Record extracts ->
=== Begin Enclosure ===
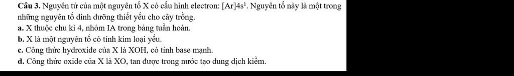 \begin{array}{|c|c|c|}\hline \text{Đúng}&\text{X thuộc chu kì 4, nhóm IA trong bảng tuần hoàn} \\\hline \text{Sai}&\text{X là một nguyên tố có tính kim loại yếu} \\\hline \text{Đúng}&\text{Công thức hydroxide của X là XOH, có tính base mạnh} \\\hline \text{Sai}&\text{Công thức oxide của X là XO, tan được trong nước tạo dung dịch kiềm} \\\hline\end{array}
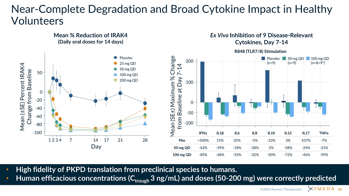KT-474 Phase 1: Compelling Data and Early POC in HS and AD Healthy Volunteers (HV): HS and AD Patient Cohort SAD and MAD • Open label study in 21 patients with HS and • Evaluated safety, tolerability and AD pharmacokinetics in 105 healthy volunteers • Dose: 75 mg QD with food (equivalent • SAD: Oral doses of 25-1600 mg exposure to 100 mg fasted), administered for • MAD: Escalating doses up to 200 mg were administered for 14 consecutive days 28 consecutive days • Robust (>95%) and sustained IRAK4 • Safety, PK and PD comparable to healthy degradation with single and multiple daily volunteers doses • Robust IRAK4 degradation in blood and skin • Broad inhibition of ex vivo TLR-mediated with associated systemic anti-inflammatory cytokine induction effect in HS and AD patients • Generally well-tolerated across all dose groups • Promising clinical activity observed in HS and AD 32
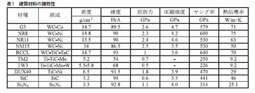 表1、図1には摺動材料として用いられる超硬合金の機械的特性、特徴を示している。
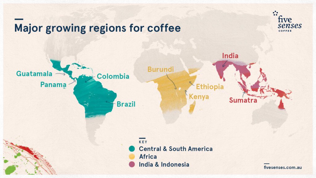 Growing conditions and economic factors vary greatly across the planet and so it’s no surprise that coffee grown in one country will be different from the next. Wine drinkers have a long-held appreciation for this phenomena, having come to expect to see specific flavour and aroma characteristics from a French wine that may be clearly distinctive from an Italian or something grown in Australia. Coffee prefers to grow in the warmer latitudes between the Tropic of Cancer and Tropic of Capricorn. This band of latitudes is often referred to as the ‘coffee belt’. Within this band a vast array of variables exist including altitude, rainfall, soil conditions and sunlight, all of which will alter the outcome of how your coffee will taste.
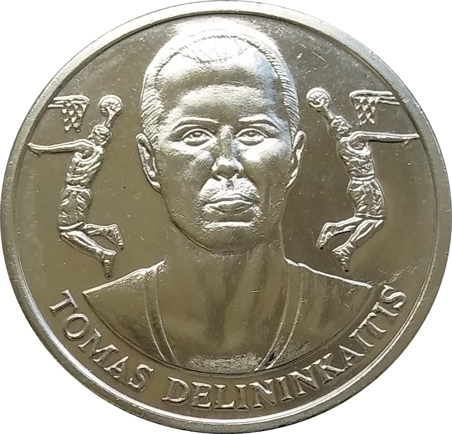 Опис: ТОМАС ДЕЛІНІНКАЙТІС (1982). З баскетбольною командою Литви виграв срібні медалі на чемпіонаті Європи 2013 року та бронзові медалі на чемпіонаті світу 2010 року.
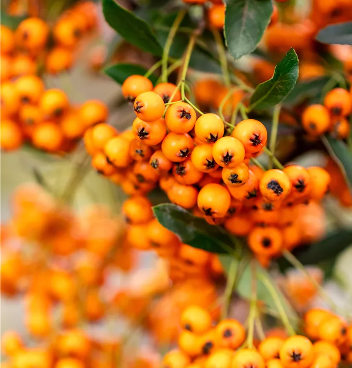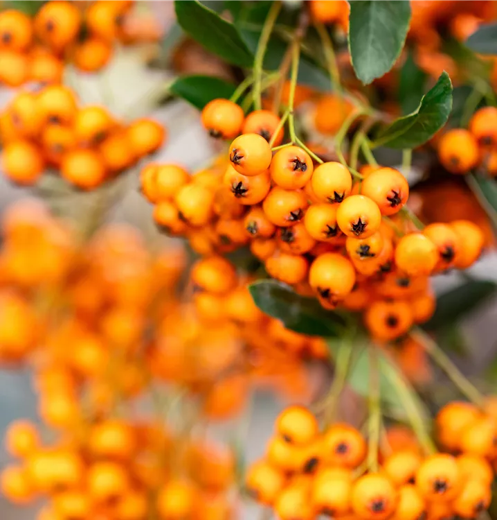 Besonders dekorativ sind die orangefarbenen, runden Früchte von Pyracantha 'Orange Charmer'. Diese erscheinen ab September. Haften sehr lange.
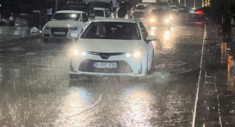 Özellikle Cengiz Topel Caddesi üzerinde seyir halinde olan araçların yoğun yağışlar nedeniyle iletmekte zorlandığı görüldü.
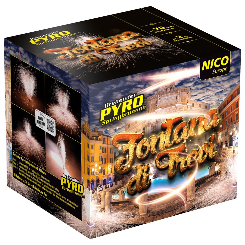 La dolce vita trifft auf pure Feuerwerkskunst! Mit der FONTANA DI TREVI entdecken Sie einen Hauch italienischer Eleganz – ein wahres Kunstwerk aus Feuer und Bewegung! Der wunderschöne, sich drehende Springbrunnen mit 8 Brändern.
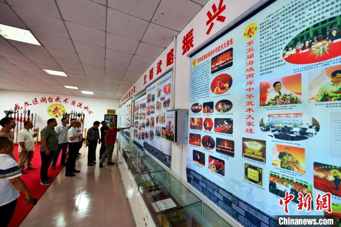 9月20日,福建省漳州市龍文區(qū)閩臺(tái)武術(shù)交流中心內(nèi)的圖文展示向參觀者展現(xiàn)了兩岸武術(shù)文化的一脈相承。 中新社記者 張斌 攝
=== End Enclosure ===
=== Begin Enclosure ===
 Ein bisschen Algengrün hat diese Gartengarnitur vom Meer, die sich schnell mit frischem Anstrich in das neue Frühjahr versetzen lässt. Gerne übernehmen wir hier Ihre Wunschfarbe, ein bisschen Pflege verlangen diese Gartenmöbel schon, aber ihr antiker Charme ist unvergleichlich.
=== End Enclosure ===
What to produce -> With the pictures omitted, print the lines above exactly, beginning at the line with "Besonders dekorativ sind" and going on through the line with "Özellikle Cengiz Topel".

The answer ->
 Besonders dekorativ sind die orangefarbenen, runden Früchte von Pyracantha 'Orange Charmer'. Diese erscheinen ab September. Haften sehr lange.
 Özellikle Cengiz Topel Caddesi üzerinde seyir halinde olan araçların yoğun yağışlar nedeniyle iletmekte zorlandığı görüldü.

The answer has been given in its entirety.